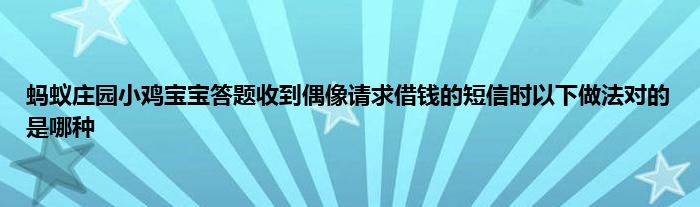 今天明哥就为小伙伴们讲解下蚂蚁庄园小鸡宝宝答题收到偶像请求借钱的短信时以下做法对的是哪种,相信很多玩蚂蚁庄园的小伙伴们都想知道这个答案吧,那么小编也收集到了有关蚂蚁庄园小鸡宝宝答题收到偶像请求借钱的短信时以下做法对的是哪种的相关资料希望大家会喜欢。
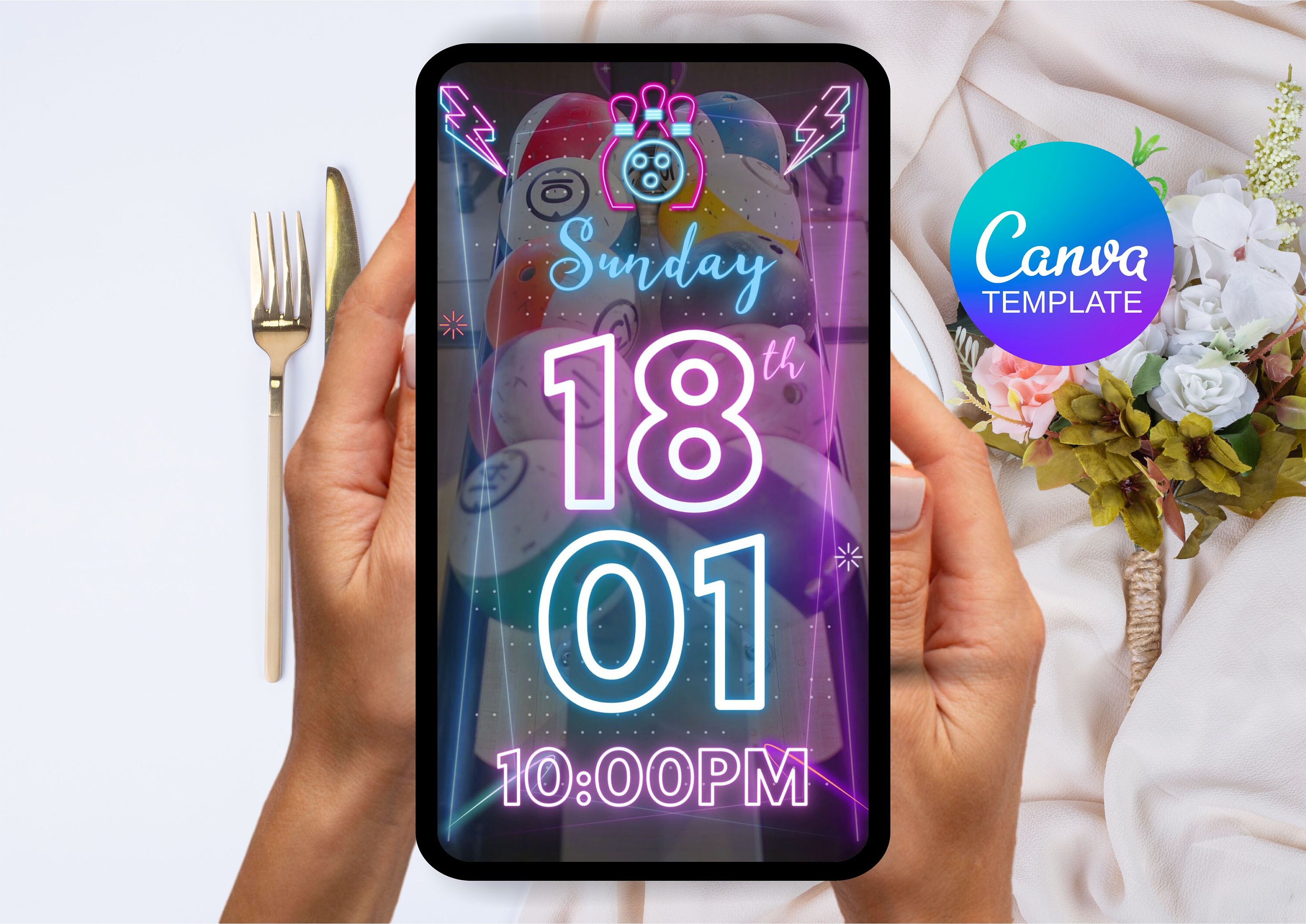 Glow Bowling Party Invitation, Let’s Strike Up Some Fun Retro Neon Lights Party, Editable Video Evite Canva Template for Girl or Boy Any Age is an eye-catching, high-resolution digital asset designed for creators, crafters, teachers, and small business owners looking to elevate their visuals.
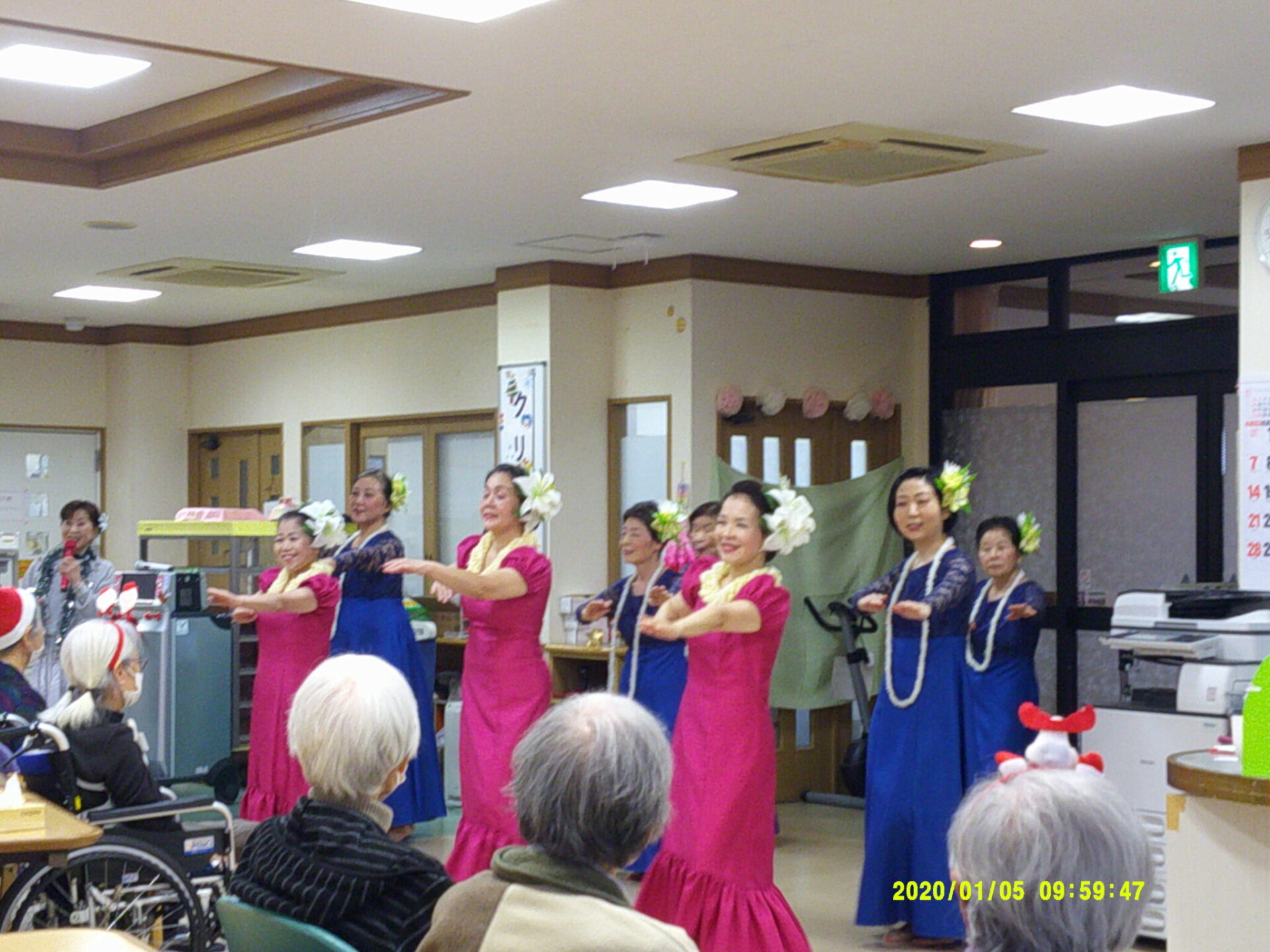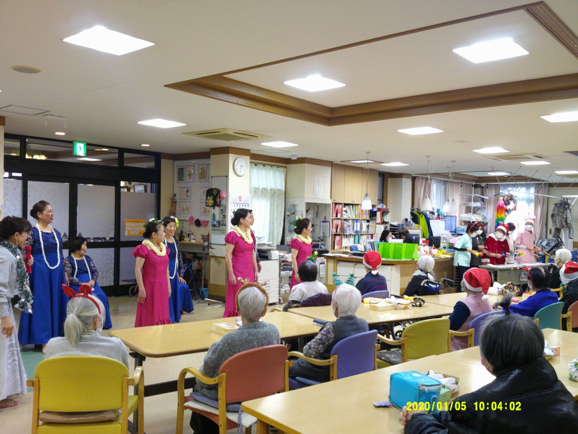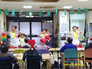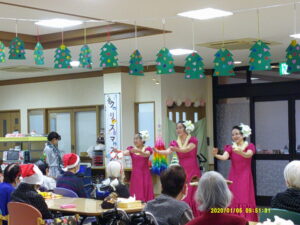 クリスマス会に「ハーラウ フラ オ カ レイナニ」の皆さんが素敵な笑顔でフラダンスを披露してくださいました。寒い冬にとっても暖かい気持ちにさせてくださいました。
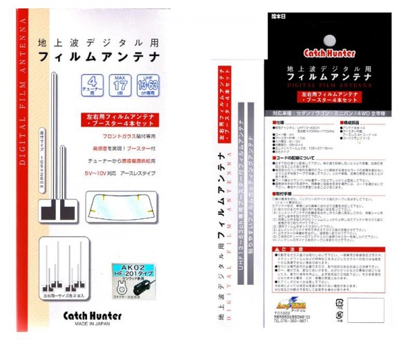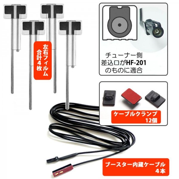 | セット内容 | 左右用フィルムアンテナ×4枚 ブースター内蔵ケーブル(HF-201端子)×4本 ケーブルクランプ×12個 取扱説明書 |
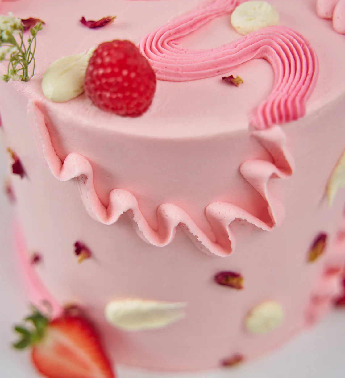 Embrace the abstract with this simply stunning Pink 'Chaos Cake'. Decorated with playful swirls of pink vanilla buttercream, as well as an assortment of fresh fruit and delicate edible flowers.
══════════════════════════════
Copy the whole listing exactly, excluding the pictures in it.

 今天明哥就为小伙伴们讲解下蚂蚁庄园小鸡宝宝答题收到偶像请求借钱的短信时以下做法对的是哪种,相信很多玩蚂蚁庄园的小伙伴们都想知道这个答案吧,那么小编也收集到了有关蚂蚁庄园小鸡宝宝答题收到偶像请求借钱的短信时以下做法对的是哪种的相关资料希望大家会喜欢。
 Glow Bowling Party Invitation, Let’s Strike Up Some Fun Retro Neon Lights Party, Editable Video Evite Canva Template for Girl or Boy Any Age is an eye-catching, high-resolution digital asset designed for creators, crafters, teachers, and small business owners looking to elevate their visuals.
 クリスマス会に「ハーラウ フラ オ カ レイナニ」の皆さんが素敵な笑顔でフラダンスを披露してくださいました。寒い冬にとっても暖かい気持ちにさせてくださいました。
 | セット内容 | 左右用フィルムアンテナ×4枚 ブースター内蔵ケーブル(HF-201端子)×4本 ケーブルクランプ×12個 取扱説明書 |
 Embrace the abstract with this simply stunning Pink 'Chaos Cake'. Decorated with playful swirls of pink vanilla buttercream, as well as an assortment of fresh fruit and delicate edible flowers.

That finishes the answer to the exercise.